## WORK REQUEST
Exactly as they appear, retype the lines from the one containing "出現以上問題的主要原因之一,就是缺乏對產" through the final line of the data below. Leave pictures out.

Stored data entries
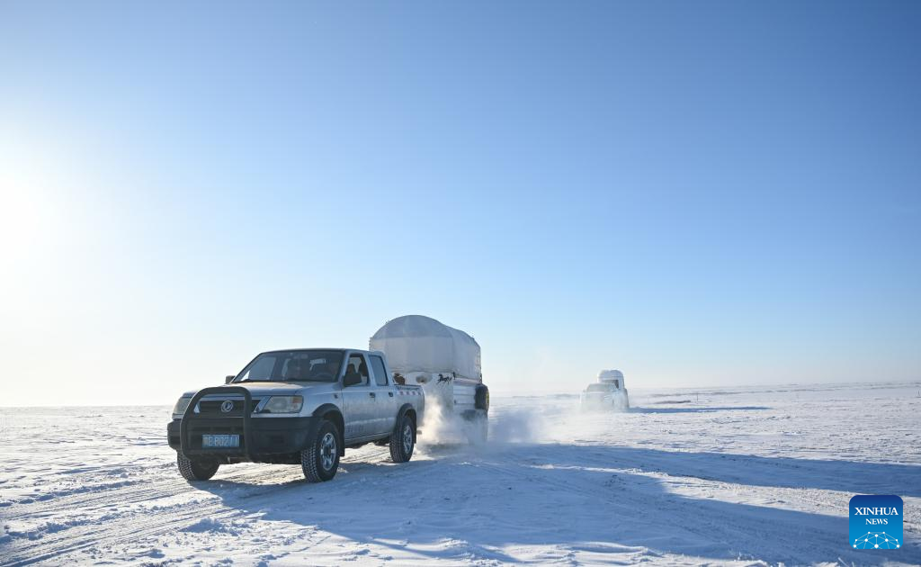 Two horse trailers set off from Erdendalai's home and head for the horse racing venue of the Nadam fair in Hulun Buir, north China's Inner Mongolia Autonomous Region, Dec. 17, 2023. (Xinhua/Wang Kaiyan)
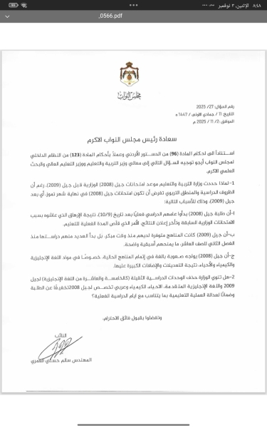 وختم النائب العمري سؤاله بالتأكيد على ضرورة أن تتناسب العملية التعليمية مع الظروف الواقعية والوقت المتاح، لضمان تحقيق العدالة وتكافؤ الفرص بين جميع الطلبة.
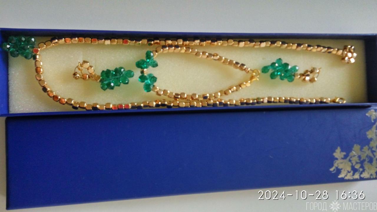 При желании комплект может быть упакован и праздничную коробочку ручной работы, инкрустированную жемчугом.
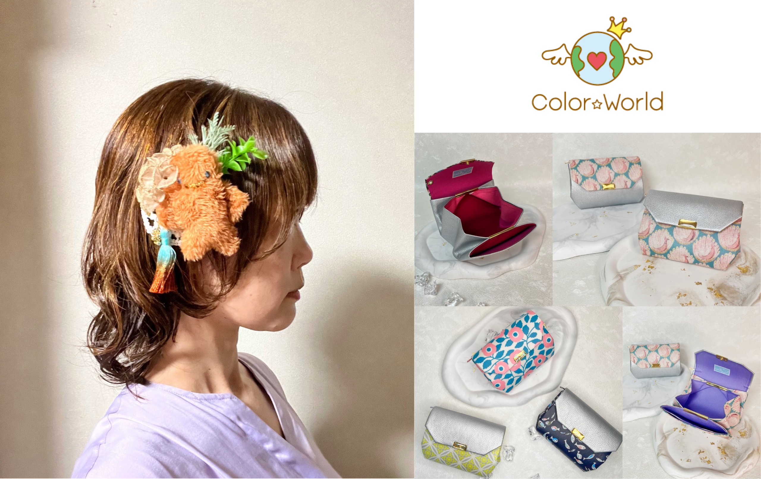 幼い頃から「色」と「ものづくり」が好きでした。絵を描くこと、布を選ぶこと、手で形をつくること——それは私にとって自己表現そのものでした。長く会社員として働く中でも、ふとした瞬間に「自分の手で何かを生み出したい」という気持ちが顔を出していました。そんな思いを形にしたのが、ハンドメイド雑貨ブランド「Color☆World」です。前職で得た経験と、色彩心理を学んだ知識を組み合わせて、見た人の心が明るくなるような作品づくりをしています。
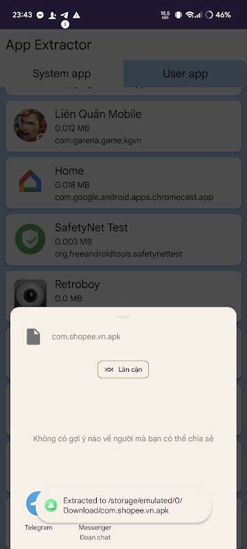 2. Stockez et partagez : après avoir extrait les fichiers APK, vous pouvez les stocker dans la mémoire de votre téléphone ou les partager par e-mail, messages ou autres applications de transfert de fichiers. Cela vous permet de transférer facilement des applications vers d'autres ou de les réinstaller après avoir réinitialisé votre téléphone sans avoir à les télécharger à nouveau depuis l'App Store.
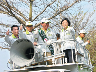 民進(jìn)黨主席蔡英文(右二)上午陪同嘉義縣“立委”候選人陳明文(左三)車隊(duì)掃街造勢(shì)。 來(lái)源:臺(tái)灣《聯(lián)合晚報(bào)》
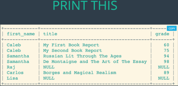 | select s.first_name, ifnull(p.title,'MISSING') as title, ifnull(p.grade,0) as grade from students s left join papers p on s.id = p.student_id; |
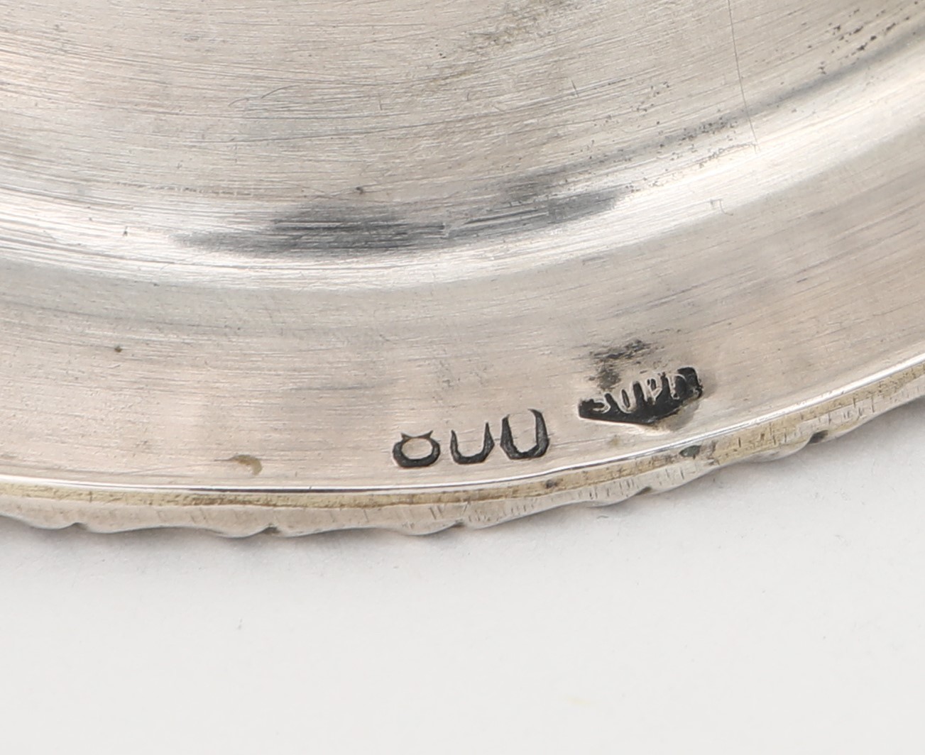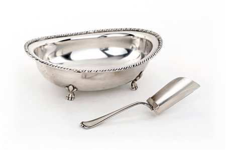 Zuccheriera ovale con paletta profilo cordonato; cucchiaio non pertinente, cm 4,5x13x10 e cm 10,8 - gr. 90
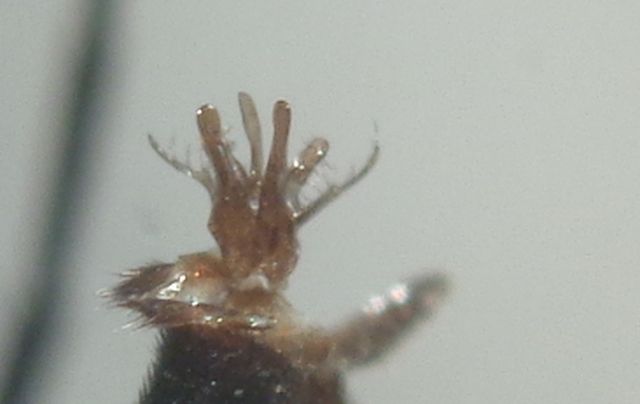 mi sembra dello stesso genere di questo viewtopic.php?f=11&t=94038 (con tre cellule submarginali) ma tutto nero e ben più piccolo, solo mm 5,2. Se vedo bene il genere, la sola specie sicula avente due cellule submarginali (vedi foto) sarebbe E. dubius van der Linden, 1827. Placca anale stretta e ad apice acuto-arrotondato con carena longitudinale, sternite 6 solo con fini peluzzi coricati. Propodeo con peluzzi argentei coricati e divergenti all'esterno. Palpi labiali brevi, ad articoli brevi e clavati. leg. M.Pavesi. Qualcuno può aiutarmi? Grazie.
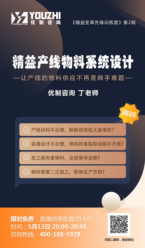 出現以上問題的主要原因之一,就是缺乏對產線物料供應系統的精益設計。如何做到既不影響生產節拍,又能保證產線的物料庫存水平維持在低位?5月13日晚20:00,優制咨詢丁老師教你科學地設計精益產線物料系統,讓產線的物料供應不再是棘手難題!
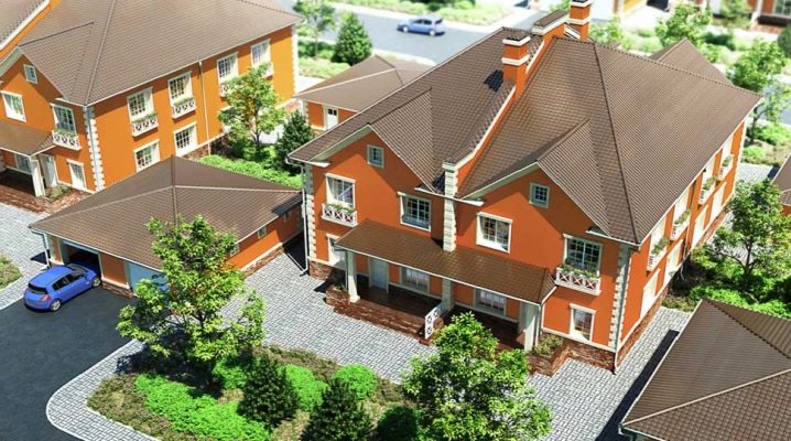 Разликата между четворка и градска къща също си заслужава да бъде разгледана.. В първия случай отделните блокове образуват квадрат с 4 отделни входа. Градската къща има линейно оформление, съседните секции са в контакт само със страничните стени. В този случай всички входове се показват от едната страна.

## RESULT OF THIS TASK
 出現以上問題的主要原因之一,就是缺乏對產線物料供應系統的精益設計。如何做到既不影響生產節拍,又能保證產線的物料庫存水平維持在低位?5月13日晚20:00,優制咨詢丁老師教你科學地設計精益產線物料系統,讓產線的物料供應不再是棘手難題!
 Разликата между четворка и градска къща също си заслужава да бъде разгледана.. В първия случай отделните блокове образуват квадрат с 4 отделни входа. Градската къща има линейно оформление, съседните секции са в контакт само със страничните стени. В този случай всички входове се показват от едната страна.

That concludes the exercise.